** Exercise **
The following entries are to be repeated exactly, and the pictures are to be left behind.

** Supplied data **
******
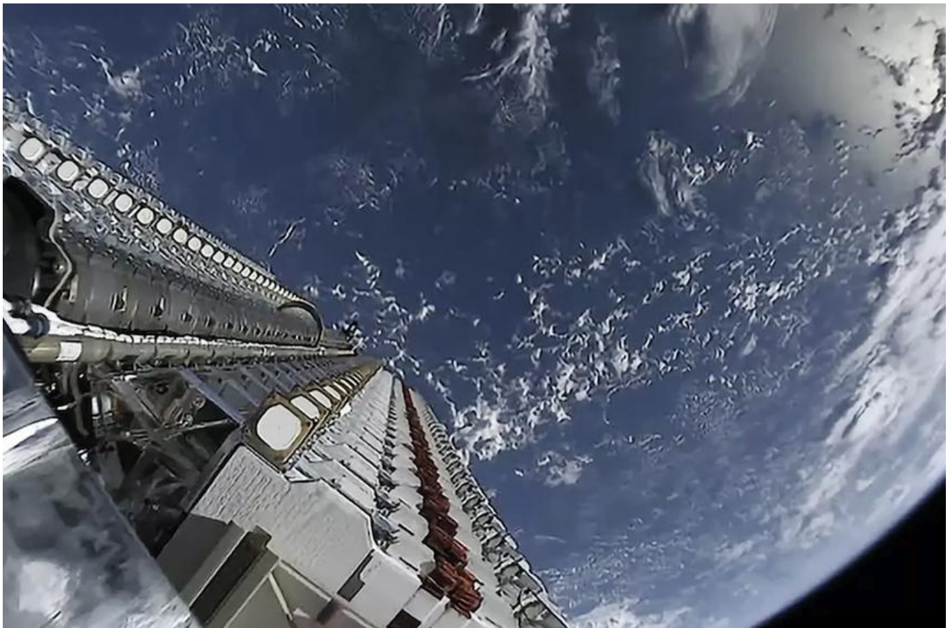
Screen grab of live footage from SpaceX's deployment of its first 60 Starlink broadband internet satellites on May 24, 2019.

Six decades ago, hard law international treaties established a regulatory framework for the few governmental space programs funded and operated by the Soviet Union, the United States, and European governments. Today, non-governmental commercial space companies are operating under voluntary soft law rules of the road that expose the deficiencies of the original treaties to empower regulatory supervision of the expanding commercial orbital presence. Technical solutions to space debris require a “sustainable” system of governance accomplished by increasing the costs of non-compliance by all entities, governmental and commercial alike.
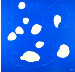
ST9 650 eur
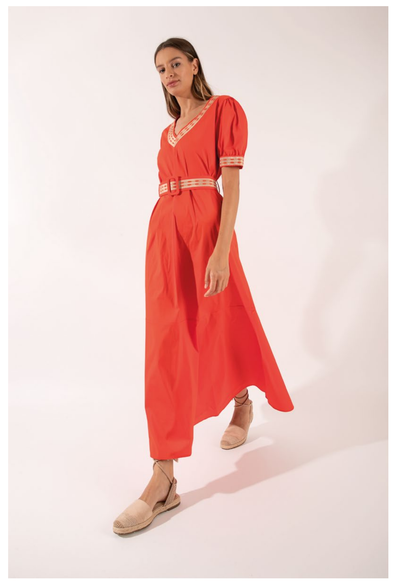
Dress in stretch popeline with decorative ribbon and belt, art. 4058
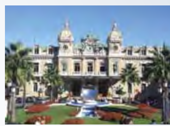
Monaco & Monte Carlo
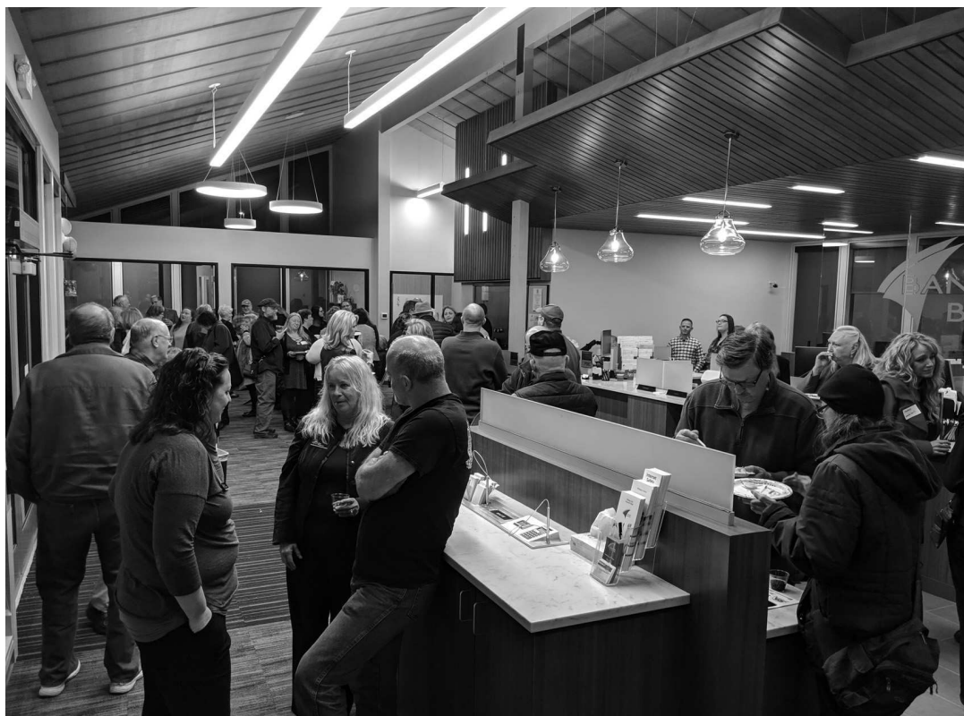
Business after hours at Banner Bank, Cottage Grove.

We hope that all of our member businesses are back on track after the big snow storm. We'd like to gather information about what your experience has been in the aftermath and how it has affected your business. What will help your business recover more quickly after the next big event? What resources would have made a difference in being able to serve your customers? The snow storm is sure to be talked about for a long time. It can be a cautionary tale or a learning experience. Our hope is to gather as much information as possible and use your experiences help the entire business community to be more prepared for whatever lies ahead.
******
** Exercise solution **
Screen grab of live footage from SpaceX's deployment of its first 60 Starlink broadband internet satellites on May 24, 2019.

Six decades ago, hard law international treaties established a regulatory framework for the few governmental space programs funded and operated by the Soviet Union, the United States, and European governments. Today, non-governmental commercial space companies are operating under voluntary soft law rules of the road that expose the deficiencies of the original treaties to empower regulatory supervision of the expanding commercial orbital presence. Technical solutions to space debris require a “sustainable” system of governance accomplished by increasing the costs of non-compliance by all entities, governmental and commercial alike.
ST9 650 eur
Dress in stretch popeline with decorative ribbon and belt, art. 4058
Monaco & Monte Carlo
Business after hours at Banner Bank, Cottage Grove.

We hope that all of our member businesses are back on track after the big snow storm. We'd like to gather information about what your experience has been in the aftermath and how it has affected your business. What will help your business recover more quickly after the next big event? What resources would have made a difference in being able to serve your customers? The snow storm is sure to be talked about for a long time. It can be a cautionary tale or a learning experience. Our hope is to gather as much information as possible and use your experiences help the entire business community to be more prepared for whatever lies ahead.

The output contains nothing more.